If the mobile channel could offer more than one solution to its business customers, they would be able to address more of their customers’ daily concerns which could impact on their customers’ business service levels, employee management, and how fast an employee can get the right information they require.


This in turn opens up additional solution opportunities for the mobile channel, which bring with it additional revenue streams. The mobile channel is already starting to find ways to penetrate accounts and build differentiation with unique bundle combinations. Some examples of this include mobile phone handsets, mobile broadband, TV, and PC bundles.

This takes the mobile channel part of the way to addressing converged business requirements. The next step however would be the biggest step for the mobile channel…that is to actually offer fixed line solutions to businesses.

As the margins for fixed lines are as razor thin as it is in the mobile space, fixed line providers offer additional solutions to help augment revenue. These solutions include a whole multitude of possibilities such as provisioning itself, consulting on knowing which desk phones works with which PBX, PABX, IP-PBX, offering hosted, managed, or onsite installations, broadband, SIP, WiFi, and other CTI possibilities that come naturally when looking at the entire picture of business communications.

MB: What do you see as the pitfalls for independent mobile dealers looking at moving into other areas? Is this, at the point in our recession where people are saying things are looking better, the best time to attempt a cross over?

SM: There are many pitfalls for mobile dealers. Some of these include: getting the right partner for the market space they are tying to target; providing the correct compatible technology that would meet the goals of all parties involved in a solution; migration issues between platforms; hardware price points from a supplier who needs to move their inventory with falling margins; the marketing message with a USP that would make a difference; reliance on other partner’s SLA’s as many mobile companies may need to rely or leverage a service or support mechanism from another supplier where provision in concerned; knowledge of physical connections and service limitations and thus setting the correct customer expectations.

There is no particular point in time when it makes better business sense to cross over or not. The main considerations include: knowing what your customers are looking for; your technical expertise to supply a solution; your customer’s time frame to implement the solution; the amount of budget they have; the pain they are feeling; and their wiliness to work with you versus another established telecom provisioning competitor, given that you may need to spend some extra time sourcing several solutions to demonstrate that you can not only advise them correctly, but you can provide them with options.

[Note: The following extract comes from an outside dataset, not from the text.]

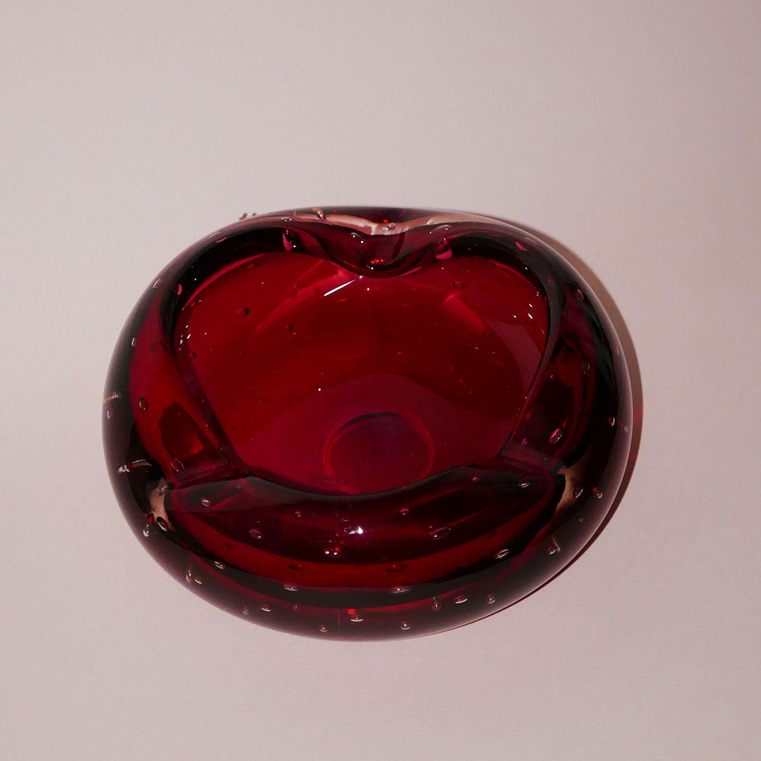 cranberry glass vintage murano glass bowl, bullicante controlled bubbles.

MB: The past year has seen a lot of new, innovative mobile operating systems and smartphones stepping to the fore, including Apple’s iPhone 3GS, HTC’s Legend and other devices, and the Android operating system that appears to be the most exciting challenger to Apple’s proprietary system, while Symbian and Microsoft look over their shoulders.

In your opinion, which mobile handsets from which manufacturer do you think are the best, both for consumers and for businesses, and what operating systems do you think are the most interesting, or have the highest potential to rock the market?

SM: With regards to consumers, Apple’s iPhone is the market leader,or at least the most popular handset at present. The iPhone was build and targeted to the consumer market and it shows. The interface is easy and fun to use, the device is stylish and pleasing to look at, the applications are easy to download, and the device can be configured to the individual.

In the future it may become the phone of choice for business, but presently other handsets manufactures are leaders in the business category with the two main players being Blackberry and Nokia, with HTC gaining ground through its smartphone handset market offerings.

For businesses, they usually place more importance on security, device management, SLA’s and support, application integration with back office systems such as CRM, easy email usage and capability, information back up, full QWERTY keyboards, and battery life.

For businesses, the Nokia handsets seems to have the highest business functional specs when compared to others on the market. Many businesses provide either Blackberry or Nokia phones for their employees. My preference is the Nokia e71.